Understanding the Role of Activation Loop Mutants in Drug Efficacy for FLT3-ITD

Abstract

The type III receptor tyrosine kinase FLT3 is a pivotal kinase for hematopoietic progenitor cell regulation, with significant implications in acute myeloid leukemia (AML) through mutations like internal tandem duplication (ITD). This study delves into the structural intricacies of FLT3, the roles of activation loop mutants, and their interaction with tyrosine kinase inhibitors. Coupled with this, the research leverages molecular contrastive learning and protein language modeling to examine interactions between small molecule inhibitors and FLT3 activation loop mutants. Utilizing the ConPLex platform, over 5.7 million unique FLT3 activation loop mutants-small molecule pairs were analyzed. The binding free energies of three inhibitors were assessed, and cellular apoptotic responses were evaluated under drug treatments.
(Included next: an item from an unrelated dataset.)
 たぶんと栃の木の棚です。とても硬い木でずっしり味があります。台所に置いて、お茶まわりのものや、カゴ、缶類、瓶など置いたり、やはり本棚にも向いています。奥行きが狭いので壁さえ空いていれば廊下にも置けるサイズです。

Notably, the introduction of the Xepto50 scoring system provides a nuanced metric for drug efficacy. The findings underscore the modulation of molecular interactions and cellular responses by Y842 mutations in FLT3-KD, highlighting the need for tailored therapeutic approaches in FLT3-ITD-related malignancies.
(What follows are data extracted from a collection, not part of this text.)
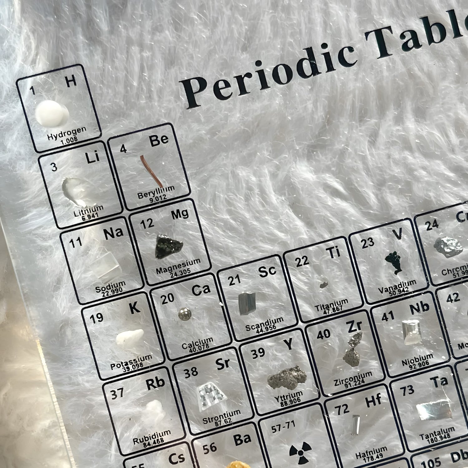 Yes! There are 76 real, solid element samples carefully sealed inside the acrylic. For the gaseous elements like Oxygen, Helium, and Neon, we use clearly labeled fillers to represent them, since the actual gases can’t be included. You’re still getting a true hands-on look at the real layout of the periodic table.
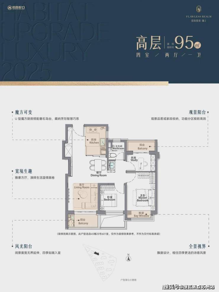 建面约95㎡高层,全系方正户型,双阳台设计,LDKB一体化设计,贯通动区轴线,打造温馨的家庭生活聚餐;☑️☑️招商臻境售楼处电话:400-8228-664☑️☑️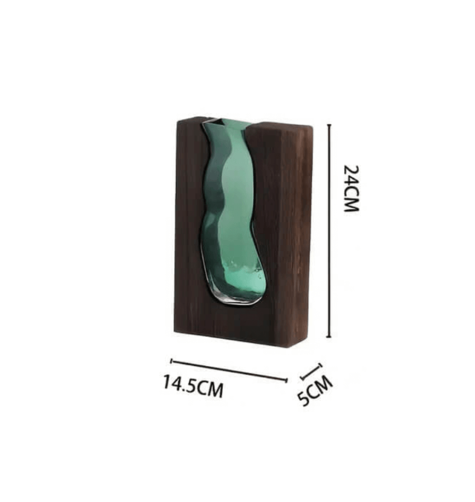 Vintage vázy ze skla a dřeva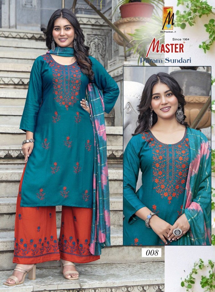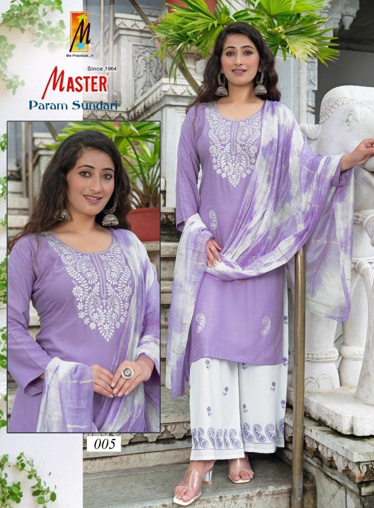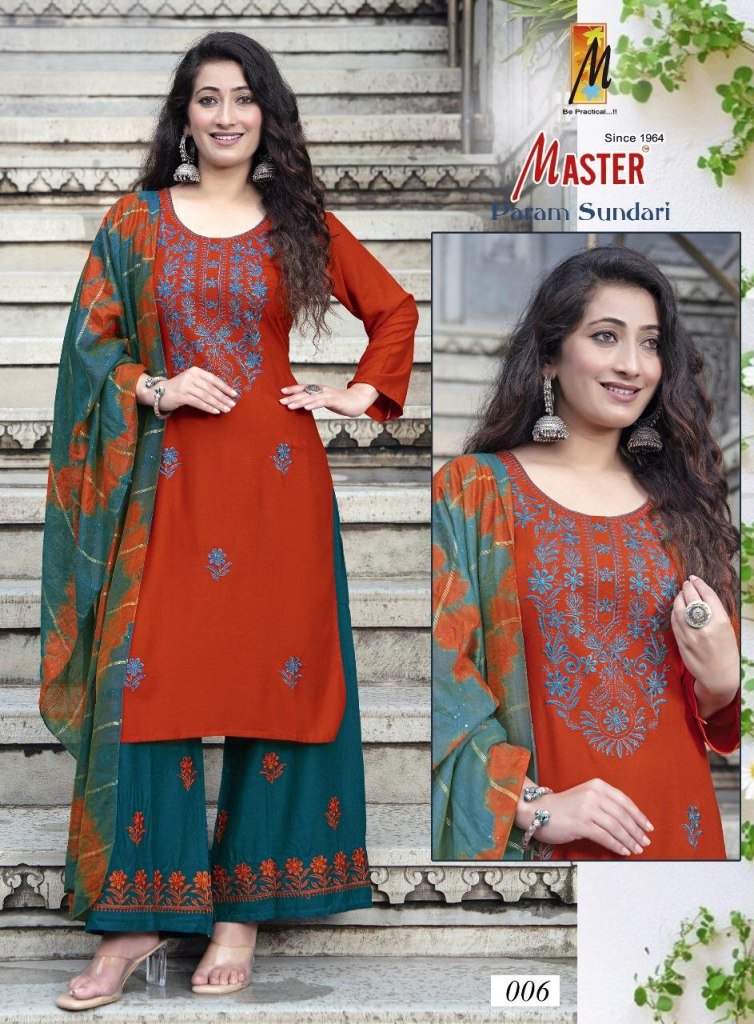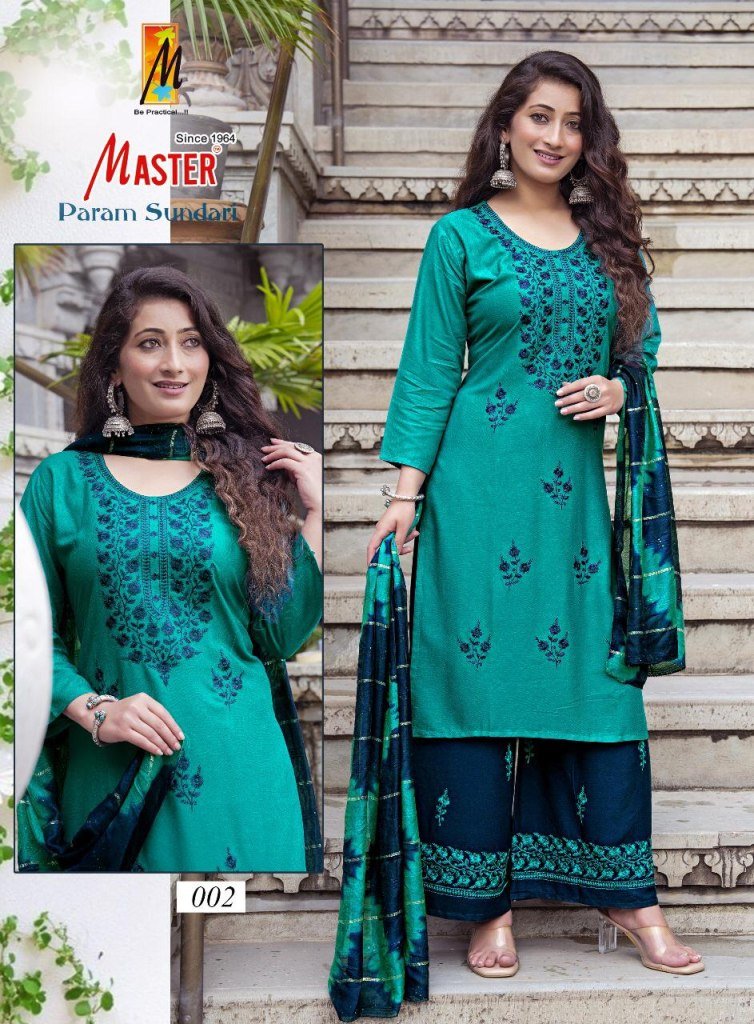 Master Param Sundari Rayon Kurti Catalogs Top And Plazo Set with Nazmine Dupatta Wholesale

Keywords: drug sensitivity scores; four-parameter logistic curve; molecular docking; molecular modeling.

Figure 1

Interaction dynamics of FLT3 kinase domain and its mutants with small molecules. (A) Distribution of interaction scores for over 5.7 million unique FLT3-KD-small molecule pairs sourced from the ChEMBL database. ConPLex platform with a threshold score of >0.8 was used to identify interactions between small molecules and FLT3 kinase domains. (B) Trend analysis of interaction scores, revealing a descending order from FLT3-KD > FLT3-KD-Y842C > FLT3-KD-Y842F. (C) Specific interaction scores for FLT3 inhibitors.

Figure 2

Differential apoptotic responses and binding energy analyses of FLT3-ITD Y842 mutants under drug treatments. (A) Measurement of apoptotic cells using the annexin V-7-AAD kit after treating cells with specific inhibitors for 48 h prior to processing and analysis (n = 5). (B) Binding energy, represented as negative values, is plotted against various drug–mutant pairs. (C) Calculation of relative apoptotic cells by subtracting the number of apoptotic cells observed in DMSO-treated controls from those treated with specific inhibitors.

Figure 3

Assessment of various drug sensitivity metrics. (A) IC₅₀ values were determined using GraphPad Prism 9 (n = 5), derived from interpolated values at 50 and subsequently transformed to a negative log₁₀ scale. (B) The area under the curve (AUC) was computed from the same dataset, with a baseline response set at 10. (C) Drug Sensitivity Score 1 (DSS1) was determined using the Xepto50 software (version 0.0.2). (D) The Xepto50 score was derived from the normalized AUC at a specific interval on a logarithmic concentration axis.